The impact on my application is minimal. I can use only what I need and ignore the rest. The code can be hosted anywhere and I can call it from anywhere else. You can upgrade the code a hundred times a year, change development platforms, push it out into the cloud or drag it back in-house; if the interface contract is honored, my client won't care. (Well, it won't care, modulo the odd glitches from half-wit SOAP stacks.)

Small wonder people remain excited about SOA, that even after ten years of hype and high-profile failures, we are still willing to beat our heads against this wall. It's worth the effort. When you get it right, the cost to reuse is nearly zero.

Technically, that is. SOA may have taken most of the platform issues out of software reuse, but it has done nothing to solve the far more challenging issues in managing reuse. These are well understood, but they still give reuse all the approachability of a feral pig. SOA is a beast for much the same reasons.

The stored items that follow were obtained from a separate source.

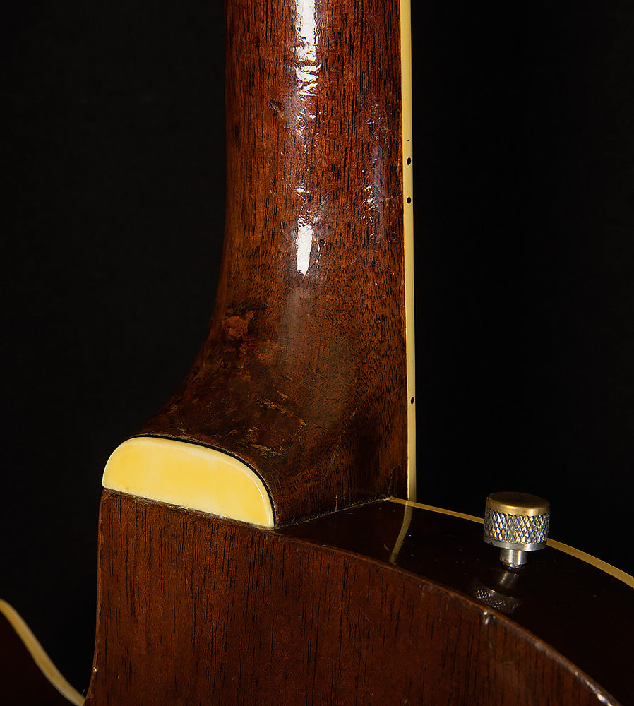 This 1954 Duo Jet has some light overspray on the back of the neck and by the bridge. It is likely that a previous owner had the neck oversprayed to prevent it from receiving any more play wear. The overspray on the top was... Read More...
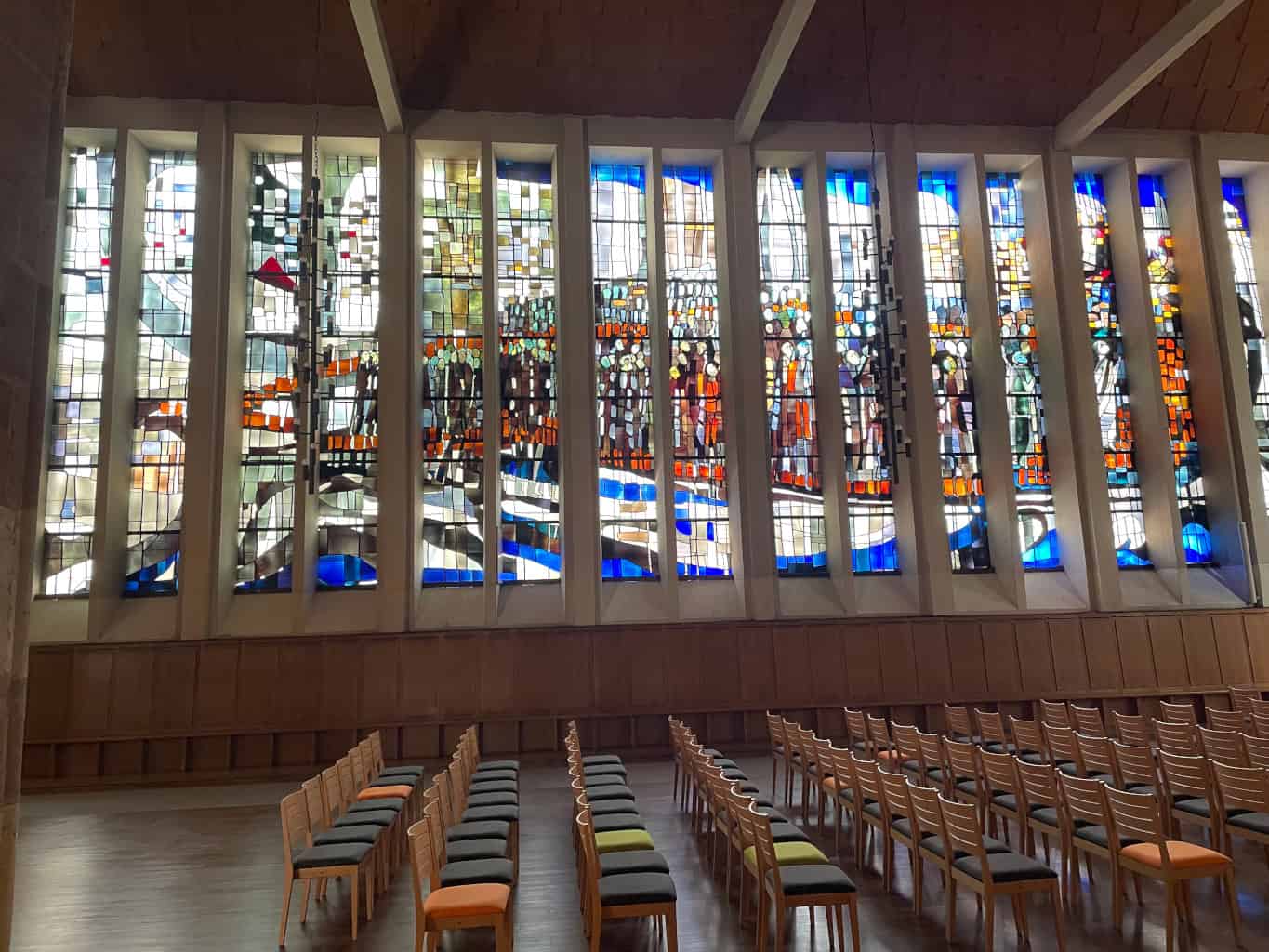 Der Wiederaufbau der Magnikirche nach dem Zweiten Weltkrieg wurde nach Plänen der Architekten Rudolf Pramann und Heinrich Otto Vogel in bewusst moderner Formensprache realisiert. „Die ursprünglicher Gestalt des Langhauses ist anhand der erhaltenen Pfeilerreihe mit Scheidbögen im Süden des Mittelschiffs noch ablesbar … Beim Wiederaufbau wurden die nördliche Pfeilerreihe und die Nordaußenwand beseitigt. Stattdessen errichtete man eine Betonkonstruktion mit raumhohen Fenstern“, erklärt Bauhistoriker Arnhold. Die Fensterwand ziert Glasmalerei von Hans Gottfried Stockhausen (1920–2010). Das 1961 geschaffene Kunstwerk stellt den Aufbruch des Volkes Israel auf dem Weg aus pharaonischer Knechtschaft in Ägypten zum „gelobten Land“ dar. Zur Wiedereinweihung 1964 erhielt die Kirche ein modernes Kruzifix von Ulrich Henn.
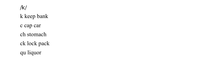 老师,这里面,好多字母组合不全啊,比如发K的音的有;K CK C ,但这里面只讲了K和CK ,没有讲C啊
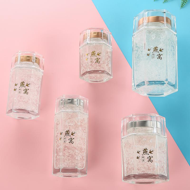 批发六棱即食燕窝瓶密封玻璃瓶分装瓶带盖六角储物罐蜂蜜瓶燕窝瓶 |

  • Reuse isn't just a different style of programming. It takes a highly disciplined approach, like feature-oriented domain analysis, to partition application functionality and identify critical reusable parts, and then focus investment on those parts. In SOA, it's about partitioning business functions and business processes, potentially re-engineering what's broken, and investing in those with the greatest potential.
  • Reuse brings disruptive change to the development organization. Talent is split between component builders and application builders, creating competition for who builds what. Same with SOA: you have service providers and service consumers.
  • Vendors are eager to portray technology as the solution. Reuse is achievable if only you will use our repository product, our base framework, our architecture planning tools, our software assessment suite. Likewise SOA: you can have it out of the box if only you purchase our ESB, our service registry, our governance solution, our data integration engine. Always eager for silver bullet solutions, IT managers get suckered time and again.
  • Reuse demands a different funding model. Component consumers are developers, not business users, and business sponsors are loath to pay for development of software that customers can't see and touch, or that isn't tied to specific projects. Developing an effective ROI model requires a high level of maturity in project management and accounting. The same goes for services.
  • Reuse also demands changes in business product planning. IT can't just be an order taker for the business, building applications in silos. Long-term ROI demands the reusable component base be a foundation for future products, and product planning must run in parallel with a roadmap for the components. Same with services.
Common pitfalls abound: trying to run the reuse teams like any other project , instead of like an internal product organization; use of shady ROI metrics like # of lines of code reused; failure to train developers and architects in new skills; ambitious executives over-selling pet platforms and methodologies as the key to success.

It's all too familiar. Sadly, SOA is just different enough from component reuse that we see it as a unique problem, and costly lessons from the halcyon days of software reuse go unheeded.

We ought to take another look at SOA and say, "Wait a minute… I recognize that guy."